- AIM OF THE EXERCISE
Whenever a picture appears in the data, skip it and write out all other material exactly.

- INFORMATION PROVIDED
------------------------------

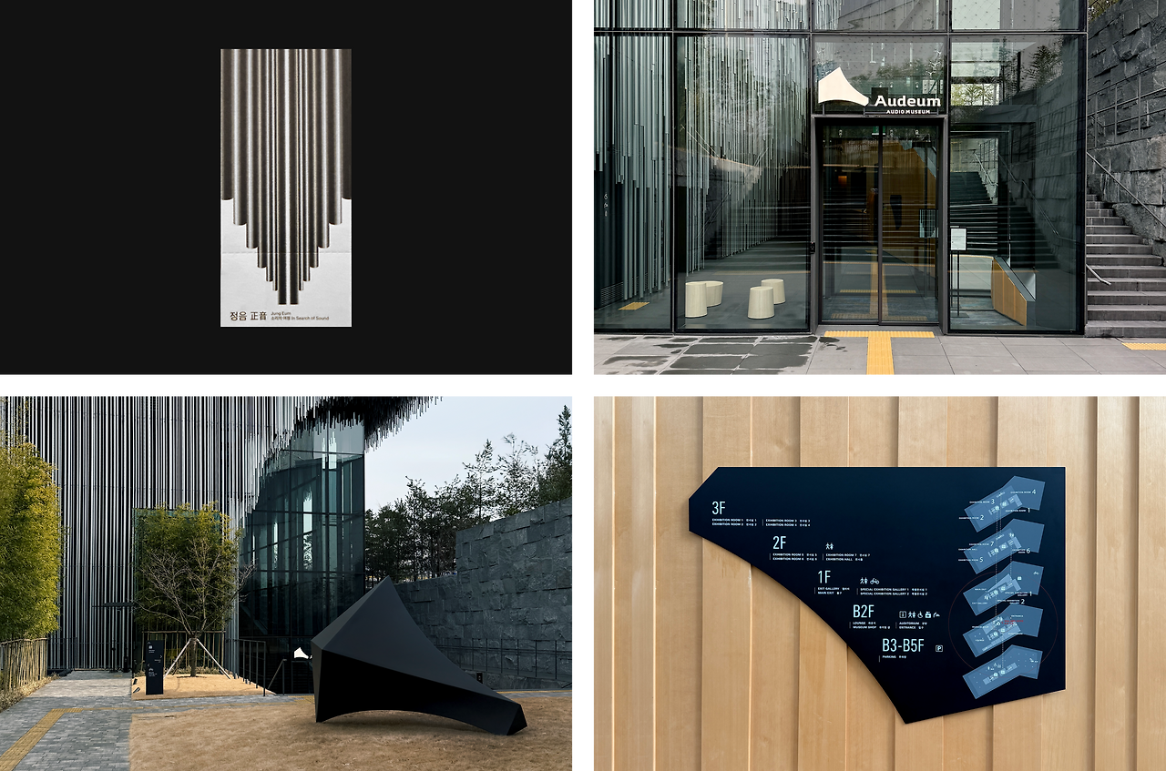 오디움 박물관에서 단순한 심볼 표현을 통해 브랜드 아이덴티티의 확장성을 효과적으로 적용된 부분을 발견할 수 있었습니다. 박물관 정문의 조형물을 비롯해 사이니지, 심볼에 애니메이션 효과가 들어가 소리 움직임을 전달하는 웹사이트, 평면 인쇄물, 굿즈 등 다양한 매체에 동일한 시각 요소를 반복적으로 사용함으로써,
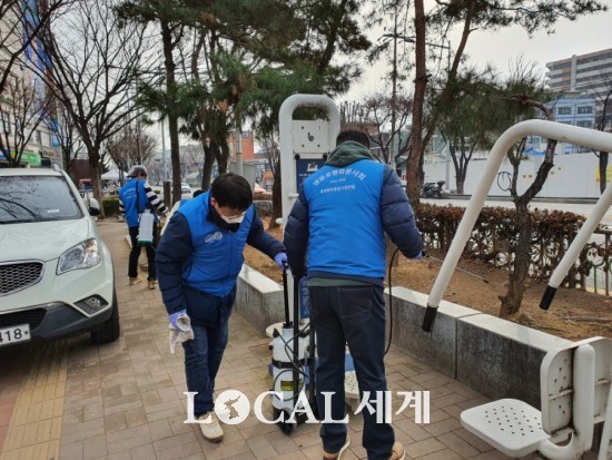 ▲가정연합 전국 회원들이 코로나 감염 예방을 위한 소독 방역 작업을 하고 있다.(사진=박재영 기자) |
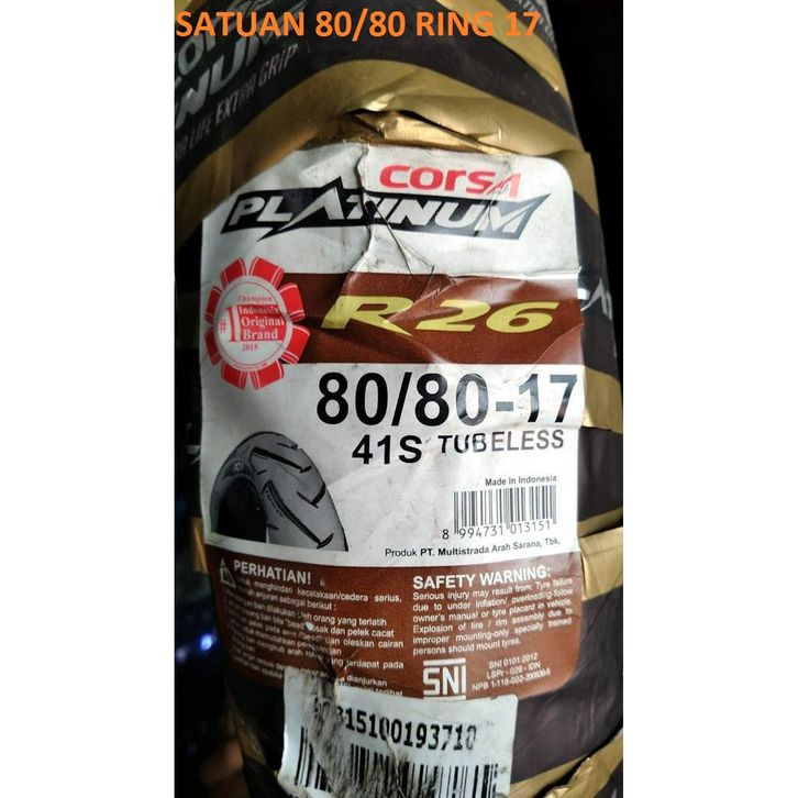 BAN TUBLES CORSA PALTINUM R26 70/80 80/80 90/80 100/80 RING 17 MOTOR BEBEK SUPRA JUPITER NINJA CBR TUBELESS KORSA 90 80

------------------------------

- SOLVED PROBLEM
 오디움 박물관에서 단순한 심볼 표현을 통해 브랜드 아이덴티티의 확장성을 효과적으로 적용된 부분을 발견할 수 있었습니다. 박물관 정문의 조형물을 비롯해 사이니지, 심볼에 애니메이션 효과가 들어가 소리 움직임을 전달하는 웹사이트, 평면 인쇄물, 굿즈 등 다양한 매체에 동일한 시각 요소를 반복적으로 사용함으로써,
 ▲가정연합 전국 회원들이 코로나 감염 예방을 위한 소독 방역 작업을 하고 있다.(사진=박재영 기자) |
 BAN TUBLES CORSA PALTINUM R26 70/80 80/80 90/80 100/80 RING 17 MOTOR BEBEK SUPRA JUPITER NINJA CBR TUBELESS KORSA 90 80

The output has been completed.